Rehoboam’s many children shows God’s blessing. “Sons are a heritage from the Lord, children a reward from him” (Psalm 127:3). Whether you have thirteen or fourteen children, or three or four, or one, or a child you know and love, you are blessed. A couple with no children has the ability to bless many children over the course of their life and marriage together. One of my dear uncles is married, but they have no physical children. Yet their wall is packed full of more pictures of young people than any of the rest of my parents’ brothers and sisters because they received child after child into their home as exchange students in their local high school. Many of those have grown up and have families of their own now and stay in touch with my uncle and aunt, and know how much they were blessed. And there is a man back in my hometown of Poynette who I knew as a boy—we lived only a few houses from each other. He had special needs, and never married, but he loves everyone around him, and is now a kindly man slipping past middle age, with a fine reputation and a good godly heart. Tommy is a blessing to many, just as there were many in his younger years who were a blessing to him.
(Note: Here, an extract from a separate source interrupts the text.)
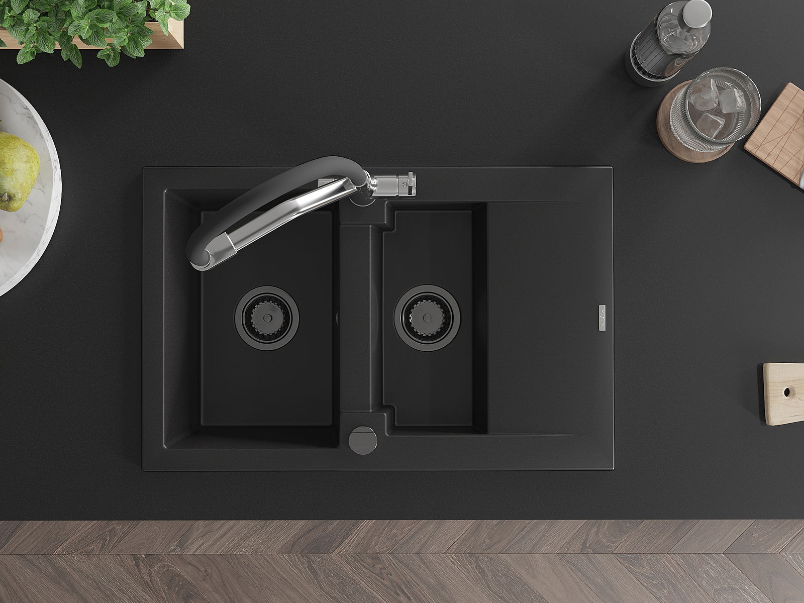 Mexen Gaspar granieten gootsteen 1,5-komor met druiprek en Duo keukenmengkraan, zwart - 6507-77-671701-07-B
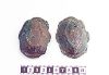 spänne (oval spännbuckla, birkatyp) av brons, järn, textil

I think of him and pray for him even today.
Rehoboam broke God’s commandment about marriage just as his father had broken it. One wife, one flesh, is God’s plan for marriage (Genesis 2:24), and of course God specifically warned that the king should not take for himself too many horses, or multiple wives, or too much gold (Deuteronomy 17:16-17). The king was also commanded to write or to have written for him a copy of the law of Moses for himself (Deuteronomy 17:18). The Levites were the librarians of the word of God, and by this time the Law of Moses had been expanded by Joshua, Samuel, and by David and Solomon. Rehoboam had access to the text of the Holy Scriptures, and unlike any of us, a great deal of it was written in the handwriting of his very own father and grandfather. But there is no evidence that suggests that Rehoboam did any of this or that he even availed himself of the text of the Holy Scriptures that was being preserved by the Levites.
I have begun to wander away from Rehoboam’s family and sins, but more should be said about the use of education and the books we preserve for those who will follow after us in the world. Luther has some excellent things to say here in his work (either a long treatise or a short book) “To the Councilmen of All Cities in Germany That They Establish and Maintain Christian Schools” (1524, LW 45, especially pages 373-377). Our Wisconsin Synod has a pair of priceless gemstones to produce our pastors: Martin Luther College (which I can see from my kitchen window as I wash the dishes every day) and Wisconsin Lutheran Seminary near the western shore of Lake Michigan. The church offerings that we give to these schools will bless our people and our own dear families for decades and, God willing, centuries to come. Pray for our schools. Pray for our professors and the other members of the staff at these schools. And pray for the young men and their young wives as they prepare to offer themselves as candidates for the holy ministry. In this way, too, we can bless the children of our church, whether they are our children by blood, or our fellow children through a shared faith.